TR Son olarak Crisp, paylaşılan bir gelen kutusuyla birlikte gelir, böylece tüm e-postalarınız ortak bir gelen kutusunda senkronize edilerek zamandan tasarruf etmenizi ve üretkenliği artırmanızı sağlar.
Engleză | turc |
---|---|
crisp | crisp |
comes | gelir |
save | tasarruf |
time | zamandan |
productivity | üretkenliği |
shared | paylaşılan |
let | sağlar |
finally | son olarak |
all | tüm |
a | bir |
and | ve |
EN Your domain name can be renewed simply! Firstly, click "Renew Now", or log into your Account Manager, select your .ru domain name which needs to be renewed, select the term of your renewal, and finally, check out. That's all!

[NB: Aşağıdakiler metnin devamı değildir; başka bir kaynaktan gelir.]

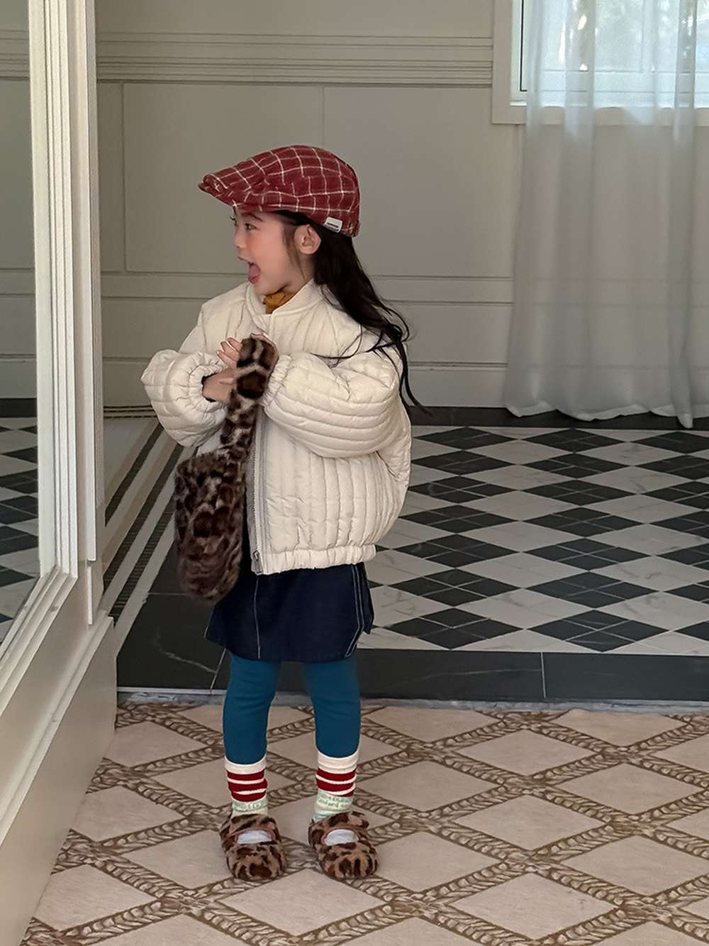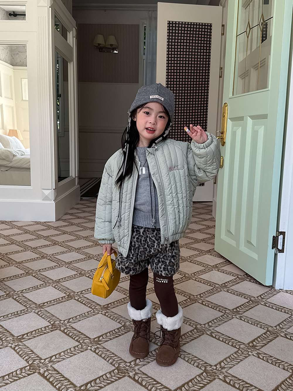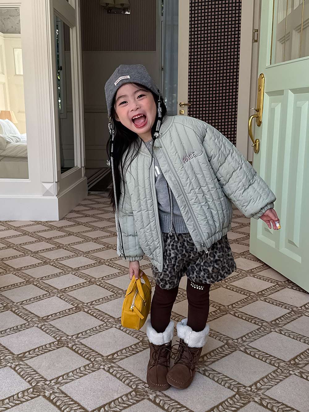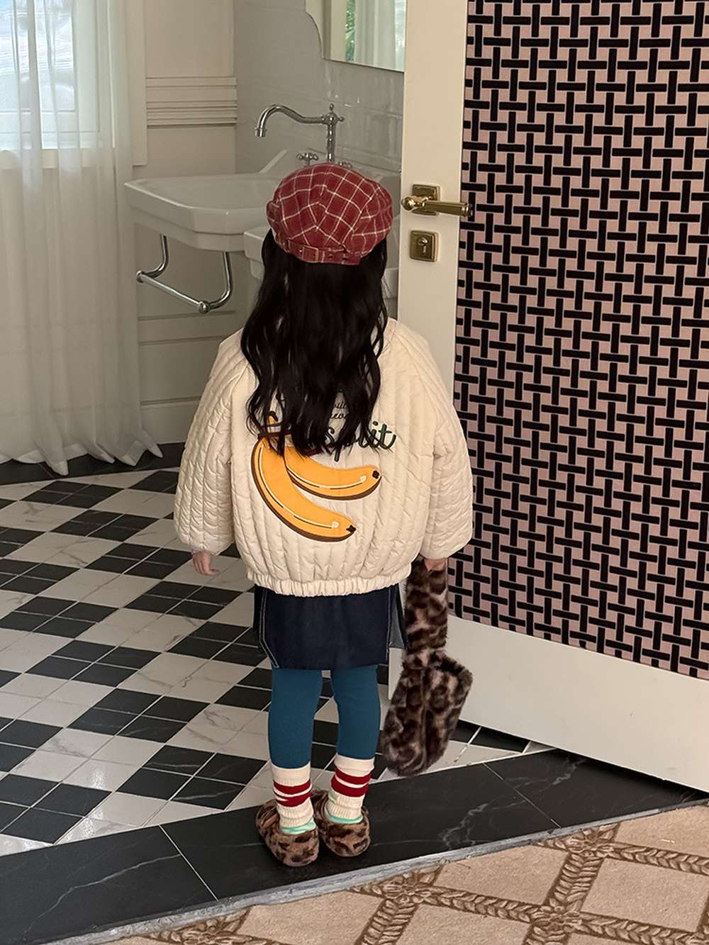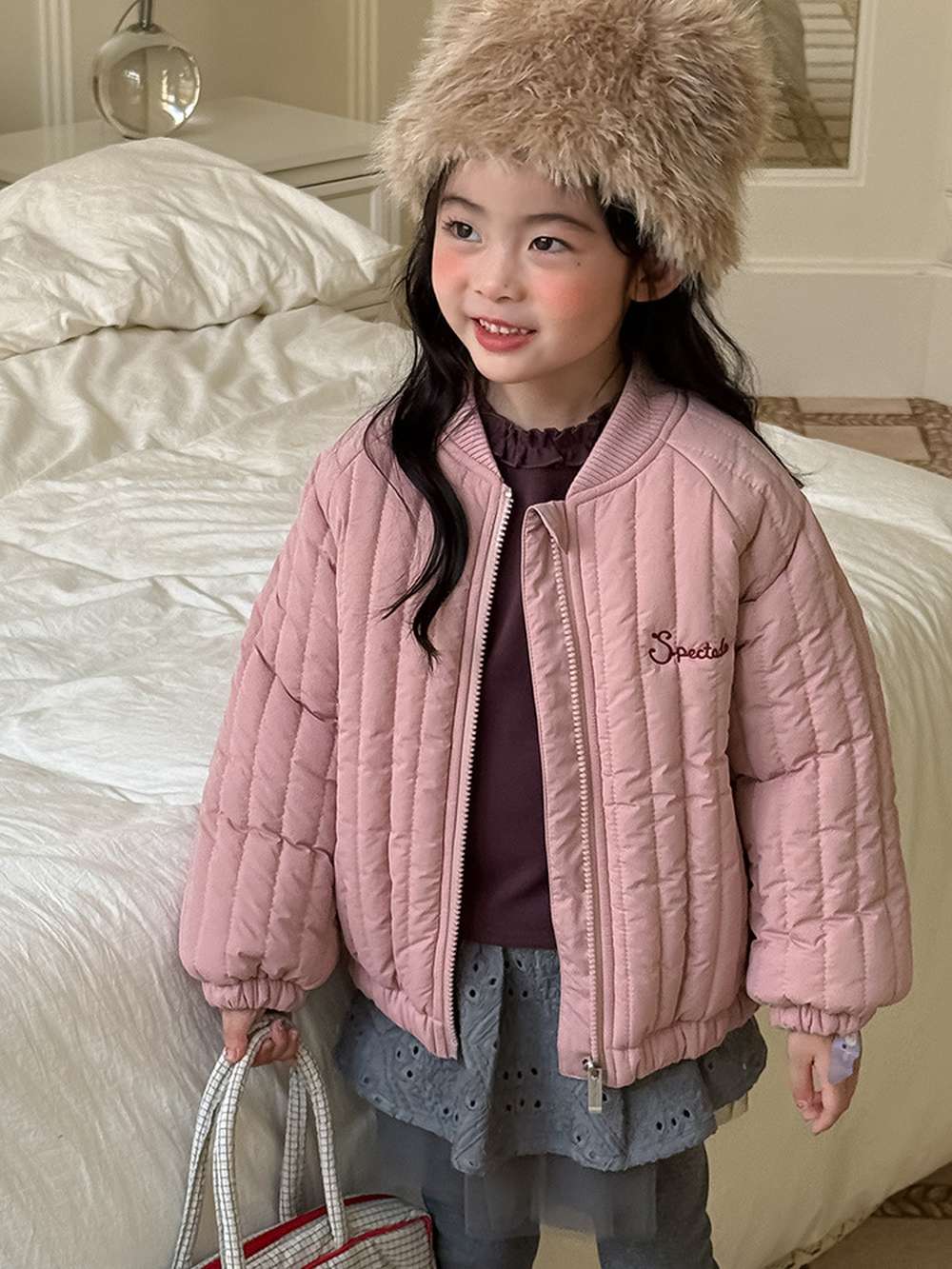This long-sleeved quilted jacket is a children's item that is filled with padding for fluffy warmth. The all-over embroidery of character patterns adds a special, adorable touch to this casual outerwear . The lining is made of soft rabbit fur-like material, making this jacket both comfortable and stylish, making it a stylish winter garment for the cold season.

TR Alan adınız basitçe yenilenebilir! "Şimdi Yenile" butonuna tıklayın veya Hesap Yöneticinize giriş yapın, yenilenmesi gereken .io alan adınızı seçin, ardından yenilemenizin süresini seçin ve son adım olarak sipariş verin. Bu kadar!
Engleză | turc |
---|---|
simply | basitçe |
needs | gereken |
renew | yenile |
renewal | yenilenmesi |
your renewal | yenilemenizin |
account | hesap |
click | tıklayın |
domain | alan adı |
name | adı |
now | bu |
to | yapın |
log | giriş |
or | veya |
of | in |
and | ve |
EN Straight guy finally play with himself at bed for us at Gay0Day
TR Gay0Day'de Düz adam nihayet bizim için yatakta kendisi ile oynuyor
Engleză | turc |
---|---|
straight | düz |
finally | nihayet |
for | için |
with | ile |
us | bizim |
EN The heavily indebted and failing national carrier Alitalia is finally due to be replaced, with the new state owned ITA
TR Ağır borçlu ve başarısız ulusal taşıyıcı Alitalia?nın nihayet yerini devlete ait yeni ITA ile değiştirmesi bekleniyor
Engleză | turc |
---|---|
national | ulusal |
finally | nihayet |
and | ve |
new | yeni |
with | ile |
EN Finally, we believe in providing all guests with something authentically Swiss: peace of mind
TR Sonuç olarak, tüm konuklarımıza İsviçre'ye dair otantik bir şey sunmanın önemine inanıyoruz: huzur
Engleză | turc |
---|---|
peace | huzur |
we believe | inanıyoruz |
all | tüm |
something | bir şey |
of | dair |
EN If notifications are constantly invading your screen, all it takes is one simple click to finally remove them for good.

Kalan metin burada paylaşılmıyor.